Монах! Ты висельником стал!
Прощай. В моем окошке,
Справляя дикий карнавал,
Опять несутся кошки.
И я на лестнице стою,
Такой же белый, важный.
Я продолжаю жизнь твою,
Мой праведник отважный 


    В 1931 году Заболоцкий утратил интерес к ОБЭРИУ, перестал бывать на встречах и участвовать в представлениях сообщества, однако на смену этому увлечению пришло более глубокое — физикой и строением Вселенной, которое нашло выражение в поэме–причте о познании «Безумный волк», решенной в форме древнегреческой трагедии с главными действующими лицами — медведем и волком — и обезличенным собранием волков, ведомых неутомимым председателем.  
    Стоически преодолевая превратности судьбы в начале 1930-х годов Заболоцкий, тем не менее, переживает творческий кризис, вызванный неприятием созданной им поэтики официальной советской критикой.
    Выход из творческого тупика поэт обрел обращением к натурфилософской концепции «диалектика природы» («Лодейников», «Деревья»), которая привела Заболоцкого к коренной перестройке всех уровней его поэтики, свойственной художественной системе «Столбцов». Результатом поисков становится поэма «Торжество земледелия», написанная в 1929-30 гг. и напечатанная в 1933 г. в ленинградском журнале «Звезда», — поэма на тему торжества коллективизации, полная утопических мечтаний о золотом веке возрождения природы, руководимой свободным человечеством, уничтожившем не только насилие человека над человеком, но и насилие человека над природой, предложив в качестве альтернативы добровольное и разумное сотрудничество.
    «В Москве шум из-за «Торжества земледелия. — Писал Заболоцкий жене. — Говорят, что «Звезда» впервые за все время ее существования на столах у всех москвичей; одни хвалят и очень, другие в бешенстве, третьи злорадствуют — мол, до чего докатились» [3, c.316]. Не удивительно, что в разгар коллективизации критики сочли «Торжество земледелия» «злобной сатирой на социализм» и «пасквилем на коллективизацию» (например, Елена Усиевич в журнале «Литературный критик» №1 за 1933 год), «пасквилем на социализм» [5, c. 90]: 


Шесты таинственные зыбок
Хрипели, как пустая кость,
Младенцы спали без улыбок,
Блохами съедены насквозь.
Кулак, владыка батраков,
Сидел, богатством возвеличен,
И мир его, эгоцентричен,
Был выше многих облаков.

 

    В 1937 году Заболоцкому удалось выпустить сборник «Вторая книга», куда вошло 18 стихотворений, а 19 марта 1938 года Заболоцкого арестовали и обвинили в троцкистской контрреволюционной деятельности по статье 58-10, 11 УК РСФСР и создании в Ленинграде контрреволюционной писательской организации.  
    В книге «История моего заключения» писатель вспоминал: «Начался допрос, который продолжался около четырех суток без перерыва… <…> Первые дни меня не били, стараясь разложить меня морально и измотать физически.
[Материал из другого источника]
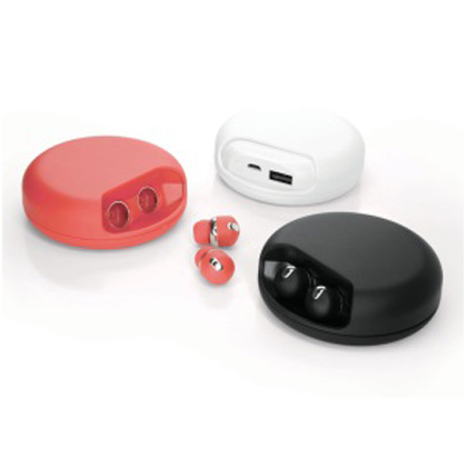 - モバイルバッテリーを搭載し、ポップなフォルムのバッテリーケースが特長の 超小型・軽量完全ワイヤレスイヤホン。(Bluetooth接続)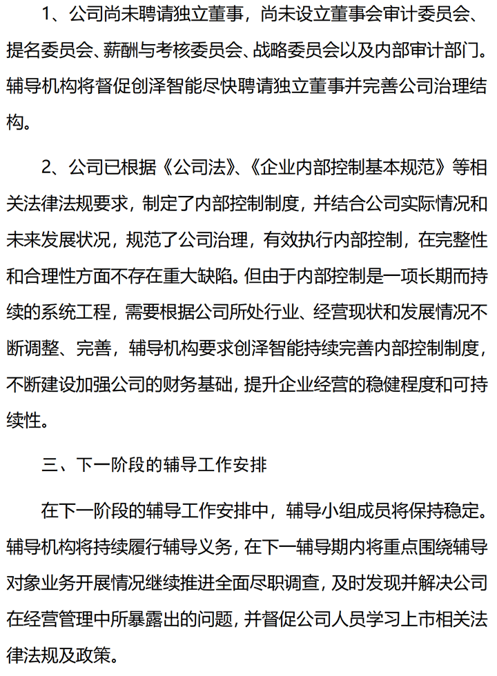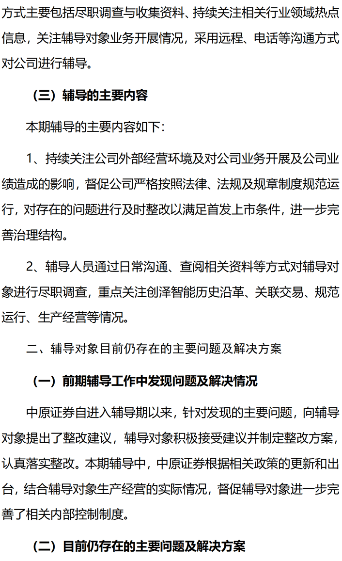 中原證券關于創(chuàng)澤機器人上市輔導內容,對公司業(yè)務開展及公司業(yè)績造成的影響,督促公司嚴格按照法律,法規(guī)及規(guī)章制度規(guī)范運行,關注創(chuàng)澤智能歷史沿革生產(chǎn)經(jīng)營等情況

Мне не давали пищи. Не разрешали спать… <…> За стеной, в соседнем кабинете, по временам слышались чьи-то неистовые вопли. Ноги мои стали отекать, и на третьи сутки мне пришлось разорвать ботинки, так как я не мог более переносить боли в стопах», [1, c.8].
    Поэт не признал вину даже после пыток, но был осужден и приговорен к пяти годам лагерей.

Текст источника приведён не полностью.